The acoustic positioning is seriously affected by the sound speed variations (Kido et al., 2008), which is very familiar to the atmosphere variation affecting GNSS positioning (Chen & Herring, 1997). Inspired by this, the Nadir Total Delay (NTD) model which is analogous to the zenith total delay in GNSS was proposed recently (Honsho & Kido, 2017; Honsho et al., 2019). This idea developed in the GNSS-A positioning can be also found in analyzing the sound speed variation for GNSS-A measurements (Kido et al., 2008). Besides NTD model, a generalized GNSS-A positioning model was also developed to correct the effect of the sound speed variation (Watanabe et al., 2020; Yokota et al., 2022). However, this kind of methods can extract only the sound speed variation relative to the in-field SSP.

In fact, the sound speed variation effect was very early studied by the GNSS-A and SSP observations in Hawaii (Osada et al., 2003). Then, the temporal variation inversion based on the RSSP was developed to eliminate this kind of effect (Fujita et al., 2004, 2006; Matsumoto et al., 2008). For more precisely characterizing the sound speed variation, the inversion method based on a 3-order B-spline model was developed in the past (Ikuta et al., 2008), and then Yokota et al. (2019) advanced this method by extracting the first-order and second-order horizontal sound speed gradients to represent more sound speed variation details (Yasuda et al., 2017). Note that, the above-mentioned inversion methods are based on the RSSP. In fact, the sound speed inversion without using the RSSP was also developed in the past (Chen, 2014). Recently, a self-constraint positioning method without the assistance of in-field SSP has also been developed (Zhao et al., 2022). However, without using the in-field SSP it is still hard to achieve a desirable positioning accuracy, e.g., the positioning error of the above self-constraint positioning method is up to 0.54 m. Precise positioning models without the assistance of in-field SSP still need to be developed to reduce the in-field SSP measurement cost, which is the vitally meaningful not only for facilitating the low-cost large-scale and even global seafloor geodesy but also for achieving the real-time seafloor geodetic applications, like nowadays mature GNSS geodesy.

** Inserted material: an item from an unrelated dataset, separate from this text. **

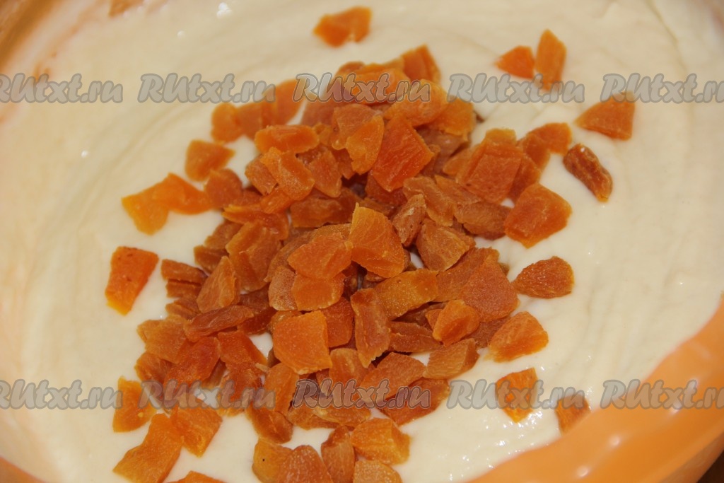 В полученную смесь всыпаем разрыхлитель и начинаем частями добавлять просеянную муку. Перемешиваем тесто ложкой. Тесто должно получиться, как сметана средней густоты. Муки, возможно, понадобится чуть меньше или больше, чем указано в ингредиентах. Тут лучше ориентироваться не на количество муки, а на консистенцию теста. Курагу добавляем в тесто и тщательно перемешиваем. Форму для выпечки смазываем растительным маслом (если используете силиконовую форму, тогда смазывать её не нужно). Выкладываем тесто в форму, заполняя её на 2/3 объёма и ставим в заранее разогретую духовку.
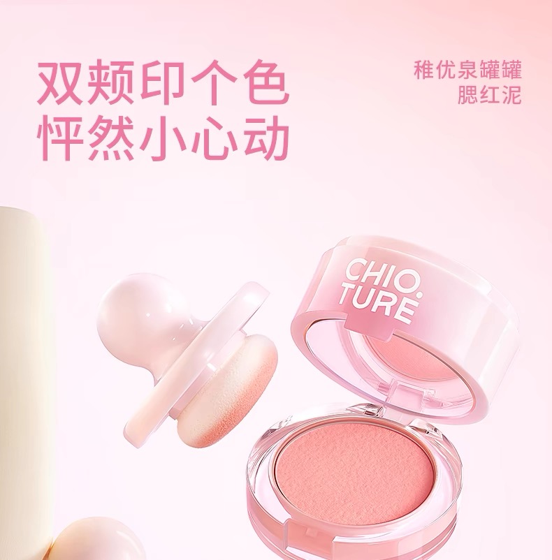 稚优泉·CHIOTURE罐罐腮红 泥膏腮红自带粉扑镜子 面部膨胀收缩色

This contribution is to develop a Self-structured Empirical SSP (SESSP) approach to achieve centimeter-precision-level seafloor geodetic three-dimensional positioning. In "Three-parameter empirical SSP" section, a three-parameter Empirical Temperature Profile (ETP) model is proposed to structure an Empirical Sound Speed Profile (ESSP) by using the Del Grosso’s sound speed formula. In "Two-level optimizations on ESSP" section, a novel GNSS-A positioning model based two-level optimizations is proposed, of which the 1st-level optimization is to fix the ETP model parameters, and the 2nd-level optimization is to finally achieve high-precision location regarding the sound speed variations relative to ESSP. In "Experiment results and tests" section, the proposed models are verified by the long-term seafloor geodetic array observations.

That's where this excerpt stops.